Authors Fujimoto Y, Yuri Y, Fujii M, Tamiya H

Received 17 May 2024

Accepted for publication 14 August 2024

Published 10 September 2024 Volume 2024:16 Pages 1215—1220

DOI https://doi.org/10.2147/CMAR.S476588

Checked for plagiarism Yes

Review by Single anonymous peer review

Peer reviewer comments 2

Editor who approved publication: Professor Bilikere Dwarakanath



Yudai Fujimoto,1,2 Yoshimi Yuri,2 Miki Fujii,1 Hironari Tamiya1,3

1Department of Rehabilitation, Osaka International Cancer Institute, Osaka, Japan; 2Graduate School of Health Sciences, Morinomiya University of Medical Sciences, Osaka, Japan; 3Department of Orthopaedic Surgery (Musculoskeletal Oncology Service), Osaka International Cancer Institute, Osaka, Japan

Correspondence: Yudai Fujimoto, Department of Rehabilitation, Osaka International Cancer Institute, 3-1-69 Otemae, Chuo-ku, Osaka, 541-8567, Japan, Tel +81-6-6945-1181, Fax +81-6-6945-1900, Email [email protected]

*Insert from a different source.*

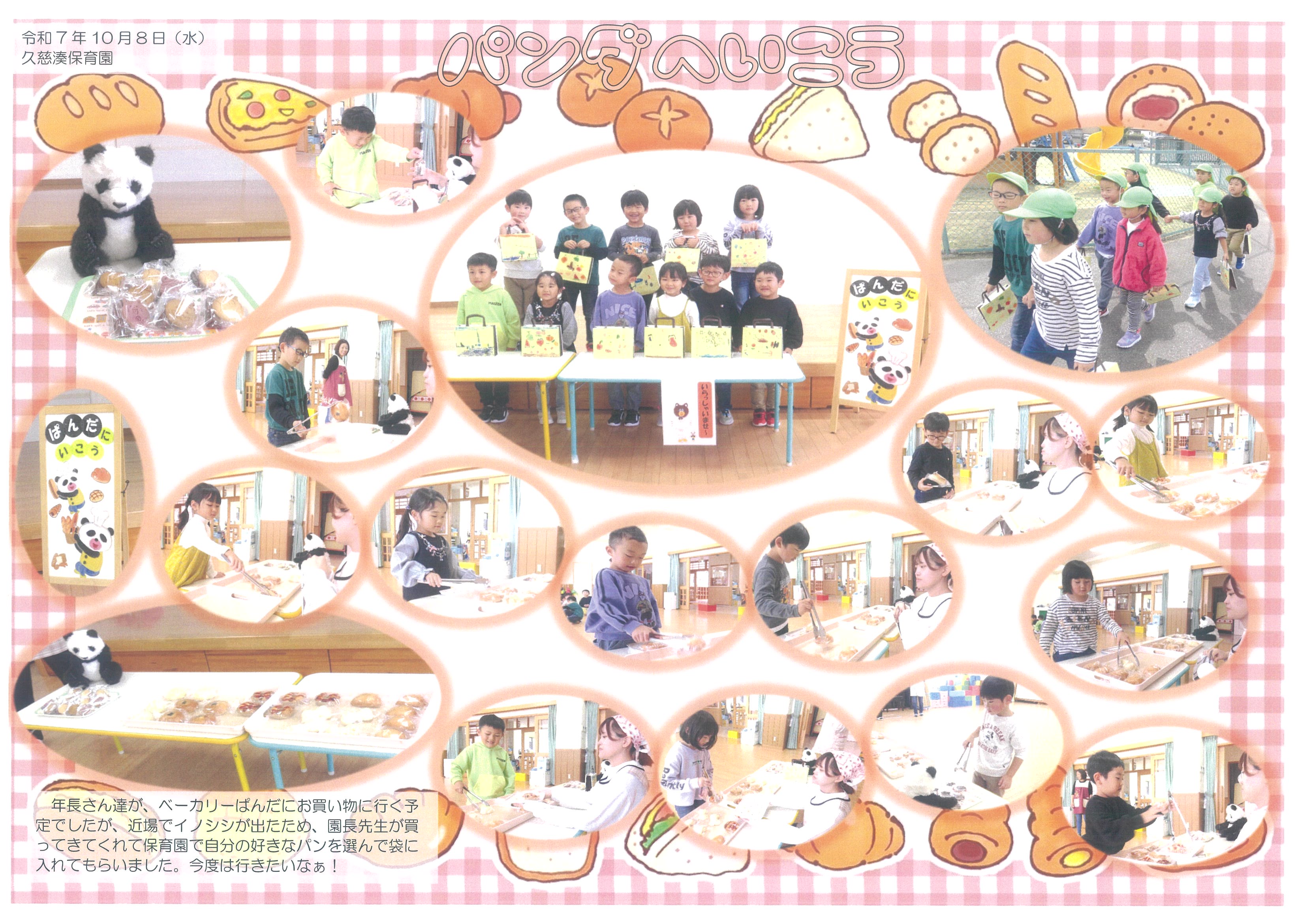 年長さんたちが、ベーカリーぱんだに、パンを買いに行く予定でした。近場にイノシシが出たということで急遽保育園でぱんだの

Purpose: This study aimed to determine the combination of factors associated with continuity of care in outpatients with cancer-related edema six months after the initial visit.
Patients and Methods: A total of 101 outpatients were divided into two groups: continuation (n=65) and non-continuation (n=36) groups. Details regarding age, body mass index, sex, affected extremities (upper or lower), site of edema (unilateral or bilateral), International Society of Lymphology (ISL) classification, presence of distant metastasis, and overall score on the lymphedema quality of life questionnaire (LYMQOL) were obtained before initial lymphedema care. In this study, we performed a decision tree analysis using a classification and regression tree (CART) to detect the combination of factors associated with the continuity of edema care for cancer-related edema.
Results: Significant differences were observed in the site of edema (unilateral or bilateral) and distant metastasis between the two groups. In the decision tree using CART analysis, the factors selected to influence the possibility of continuation were the side of edema as the first layer, and body mass index of 23.0 and distant metastasis (with/without) as the second layer. Outpatients with unilateral edema and a body mass index higher than 23.0 were most likely to be able to continue care. In contrast, outpatients with bilateral edema and distant metastasis had greater difficulty in continuing care.
Conclusion: In this study, factors that were suggested to influence the continuity of cancer-related edema care were the side with edema, body mass index higher than 23.0, and distant metastasis. This information may be helpful for developing care strategies and improving patient adherence.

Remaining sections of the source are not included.